Hertz Model

The Hertz contact model consists of a nonlinear formulation based on an approximation of the theory of Mindlin and Deresiewicz [Mindlin1953]. This model can be installed at both ball-ball and ball-facet contacts, and is referred to in commands and FISH by the name hertz.

Introduction

The Hertz contact model produces both normal and shear forces based on the theoretical analysis of the deformation of smooth, elastic spheres in frictional contact. Viscous dashpots may be added for further energy dissipation in simulations involving impact.

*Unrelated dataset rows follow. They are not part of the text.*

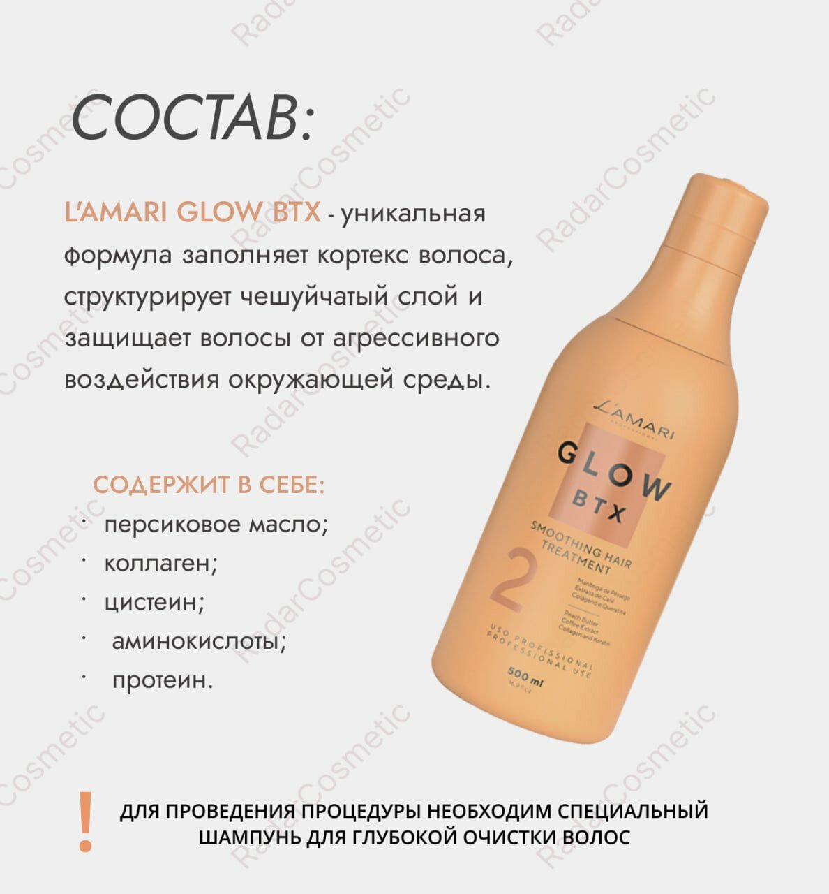 Купить Ботокс L’Amari «Glow BTX», 500мл, восстанавливающий, персиковый аромат с доставкой по всей России. Ботокс L’Amari «Glow BTX», 500мл, восстанавливающий, персиковый аромат: сравнение цен, характеристики, фото, актуальное наличие и цены.
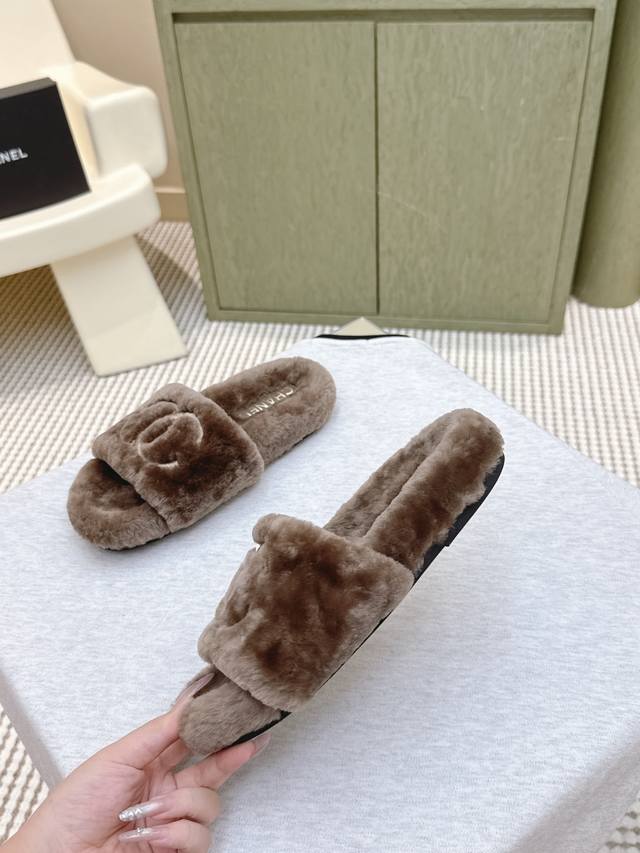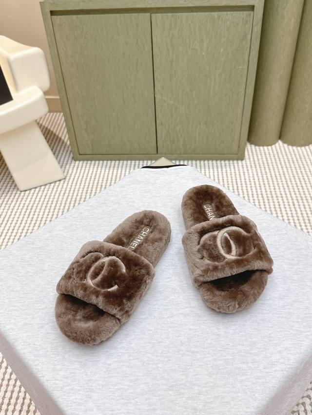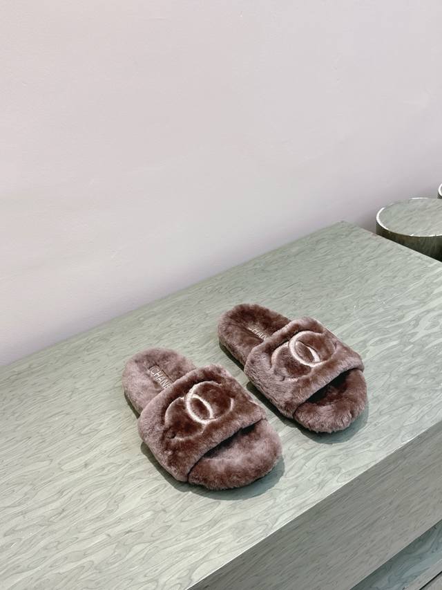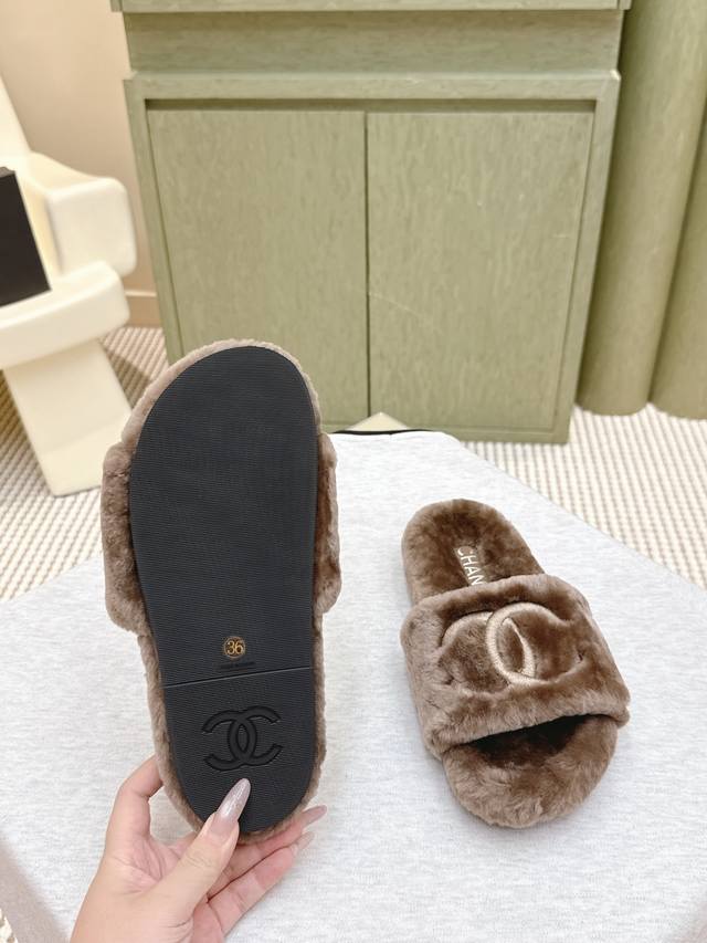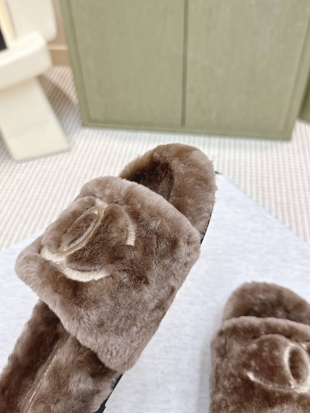 代购级 |D1176Chanel 经典四季双C毛毛拖鞋!这款毛拖真的是真太可爱了~ 柔软蓬松的毛毛,舒服暖脚 秋冬搭配袜子休闲又慵懒 上脚真的好看又时髦 进口羊
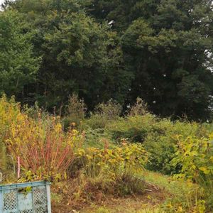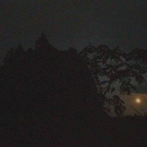 降りだしそうな空 窓からトトロの森 庭のモミジアオイも見納めですね。 昨夜はお月様が明るく照らしてました 🦉ホーホー

Both components transmit only a force.

Behavior Summary

The Hertz contact model consists of a nonlinear Hertzian component based on an approximation of the theory of Mindlin and Deresiewicz [Mindlin1953]. As discussed in [Cundall1988a], the current implementation does not reproduce the continuous nonlinearity in shear. Instead, the initial shear modulus is used, but it depends on normal force. This formulation presumes a finite-sized contact area that is small relative to the radii of curvature of the contacting pieces. The interface does not resist relative rotation, meaning that the contact moment equals zero (\(\mathbf{M_{c}} \equiv 0\)). The contact force is resolved into Hertzian and dashpot components (\(\mathbf{F_{c}} =\mathbf{F^{h}} +\mathbf{F^{d}}\)). A surface gap, \(g_{s}\), is defined as the difference between the contact gap \(g_{c}\) and the reference gap \(g_{r}\) so that when the reference gap is zero, the notional surfaces coincide with the piece surfaces. The contact is active if and only if the surface gap is less than or equal to zero; the force-displacement law is skipped for inactive contacts.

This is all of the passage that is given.